▶ Task material:
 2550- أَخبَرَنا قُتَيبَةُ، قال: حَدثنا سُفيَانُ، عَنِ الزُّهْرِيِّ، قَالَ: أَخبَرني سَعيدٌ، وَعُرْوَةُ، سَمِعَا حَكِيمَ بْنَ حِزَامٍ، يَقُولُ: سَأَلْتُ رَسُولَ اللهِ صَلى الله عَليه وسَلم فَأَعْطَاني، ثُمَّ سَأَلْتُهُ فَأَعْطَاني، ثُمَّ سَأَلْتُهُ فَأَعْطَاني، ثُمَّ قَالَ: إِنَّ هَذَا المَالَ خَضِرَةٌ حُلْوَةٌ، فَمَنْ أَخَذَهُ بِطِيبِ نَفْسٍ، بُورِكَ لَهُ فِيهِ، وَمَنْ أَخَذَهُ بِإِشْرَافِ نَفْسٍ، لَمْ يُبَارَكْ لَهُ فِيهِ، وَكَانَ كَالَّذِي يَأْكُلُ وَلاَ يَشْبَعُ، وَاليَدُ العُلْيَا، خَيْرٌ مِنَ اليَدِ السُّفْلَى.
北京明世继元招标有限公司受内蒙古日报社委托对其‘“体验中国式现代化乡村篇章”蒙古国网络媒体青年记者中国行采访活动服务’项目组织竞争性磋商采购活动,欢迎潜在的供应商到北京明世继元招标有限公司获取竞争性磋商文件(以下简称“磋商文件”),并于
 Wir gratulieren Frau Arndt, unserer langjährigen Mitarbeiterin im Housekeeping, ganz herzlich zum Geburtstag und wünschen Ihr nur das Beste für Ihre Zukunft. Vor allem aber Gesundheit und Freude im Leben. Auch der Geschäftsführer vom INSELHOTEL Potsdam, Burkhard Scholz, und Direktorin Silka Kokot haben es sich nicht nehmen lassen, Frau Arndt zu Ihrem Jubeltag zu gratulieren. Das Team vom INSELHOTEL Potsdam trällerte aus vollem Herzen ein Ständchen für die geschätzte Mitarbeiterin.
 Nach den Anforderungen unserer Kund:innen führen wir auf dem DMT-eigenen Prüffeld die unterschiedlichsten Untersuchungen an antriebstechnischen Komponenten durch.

...

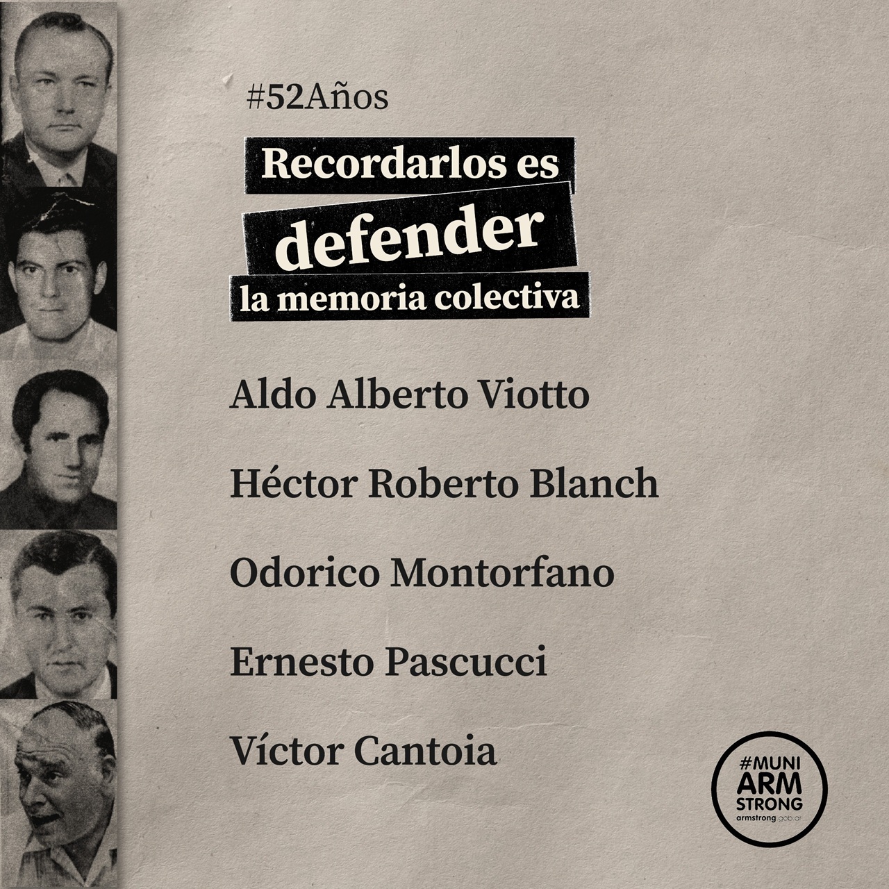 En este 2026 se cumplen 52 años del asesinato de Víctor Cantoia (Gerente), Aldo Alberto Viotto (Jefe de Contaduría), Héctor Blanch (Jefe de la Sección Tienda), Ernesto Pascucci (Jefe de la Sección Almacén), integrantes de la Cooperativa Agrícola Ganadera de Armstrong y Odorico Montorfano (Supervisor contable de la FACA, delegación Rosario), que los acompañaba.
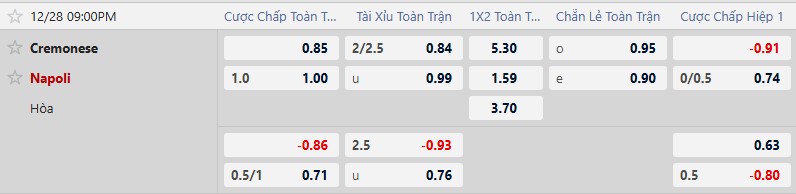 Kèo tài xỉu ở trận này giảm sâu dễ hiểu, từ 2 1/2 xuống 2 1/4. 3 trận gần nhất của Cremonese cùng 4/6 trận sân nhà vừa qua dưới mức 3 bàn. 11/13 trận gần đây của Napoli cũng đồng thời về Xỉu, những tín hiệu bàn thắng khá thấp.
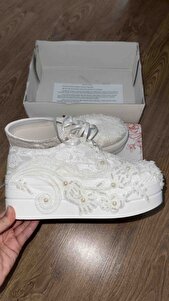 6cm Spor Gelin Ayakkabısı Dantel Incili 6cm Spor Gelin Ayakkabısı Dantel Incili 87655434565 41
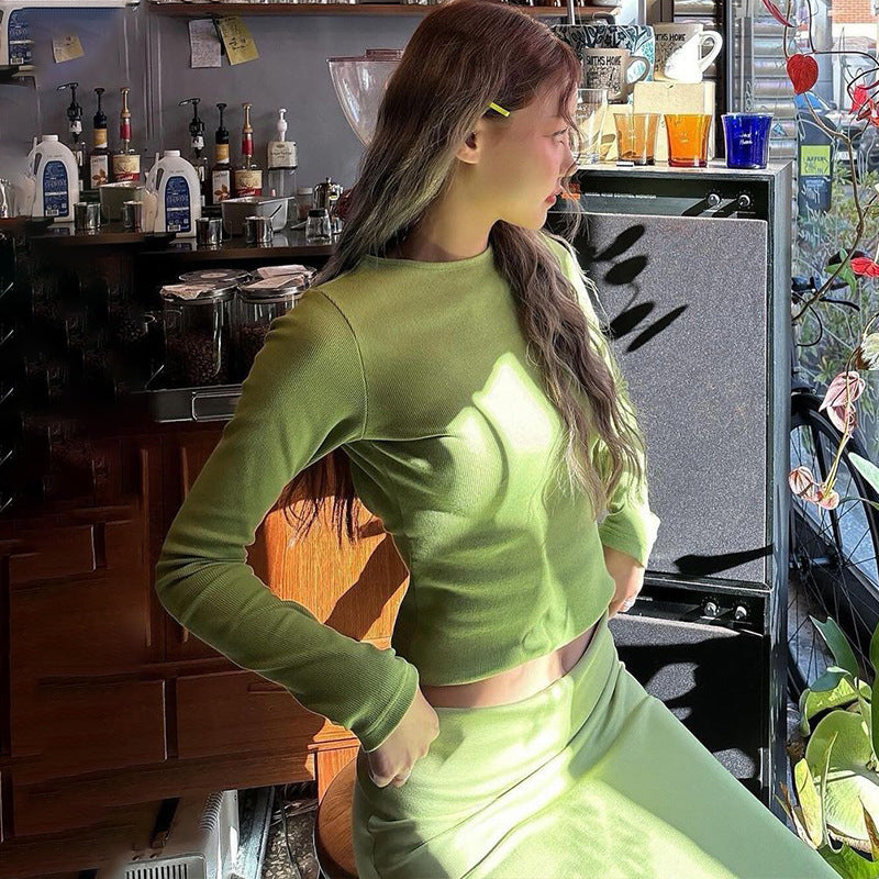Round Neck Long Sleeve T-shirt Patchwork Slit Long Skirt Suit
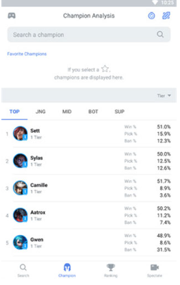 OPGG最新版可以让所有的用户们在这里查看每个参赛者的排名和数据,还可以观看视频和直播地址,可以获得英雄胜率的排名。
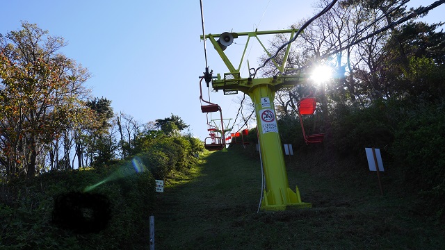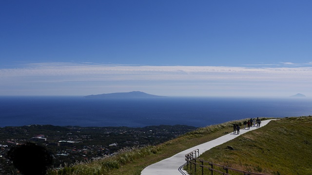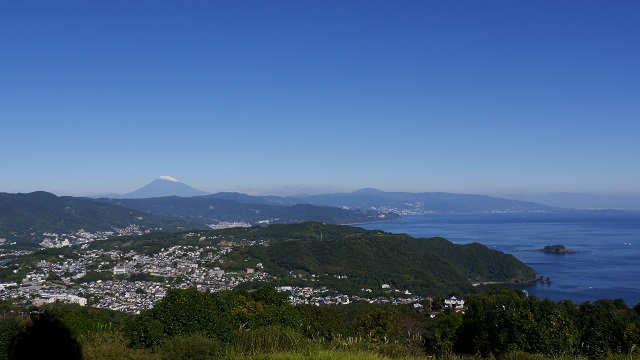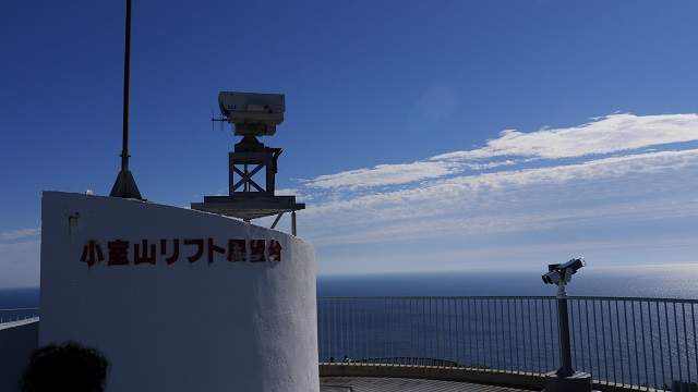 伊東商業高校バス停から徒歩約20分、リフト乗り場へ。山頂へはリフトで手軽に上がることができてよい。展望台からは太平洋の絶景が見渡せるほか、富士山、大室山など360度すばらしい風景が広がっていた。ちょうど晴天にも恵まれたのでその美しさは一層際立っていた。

▶ What you will do:
For the records above, give the number of lines containing the string "unserer" and no other words.

▶ Exercise output:
2